5) Закончил черновой перевод Лонгсал Янгти

В 2012 году Адриано планирует закончить два важных проекта:
1) Девятый Том Лонгсал, полностью посвященнй Янгти с выдающимися Учениями и терма.
2) Второй Том Комментариев Лонгсал, включающий Учения Тогэл и историю их открытия.

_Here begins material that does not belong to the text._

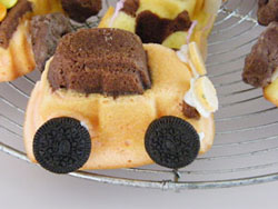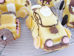 8、家族の歓声が聞こえてくる出来映えにしあがりました。デコレーションをしないと普通のバターケーキです。是非是非、必ず、お子様の喜ぶお顔を思い浮かべながら、ソースせんべいを丸く抜いてみたりしてくださいネ。最初は、・・・・・エーと思っていても仕上がっていくうちにかなりはまります。

Проект "Полное Собрание Сочинений Чогьяла Намкая Норбу" финансируется исключительно на пожертвования и более 10 лет Оливер Ляйк, директор Института Шанг-Шунг Австрия, отвечал за сбор и управление средствами фонда проекта переводов. В последние годы было все сложнее и сложнее собирать достаточное количество средств с тем, чтобы поддерживать эту бесценную активность. Если мы не собираем достаточное количество средств, появляется опасность того, что в ближайшем будущем мы не сможем продолжать данную активность. Проект "Полное Собрание Сочинений Чогьяла намкая Норбу" должен быть прекрасным примером совершенного сотрудничества. По этой причине я срочно прошу вас всех сотрудничать и поддержать данную инициативу с тем, чтобы будущие поколения могли обрести пользу от уникальных Учений, переведеных на западные языки. 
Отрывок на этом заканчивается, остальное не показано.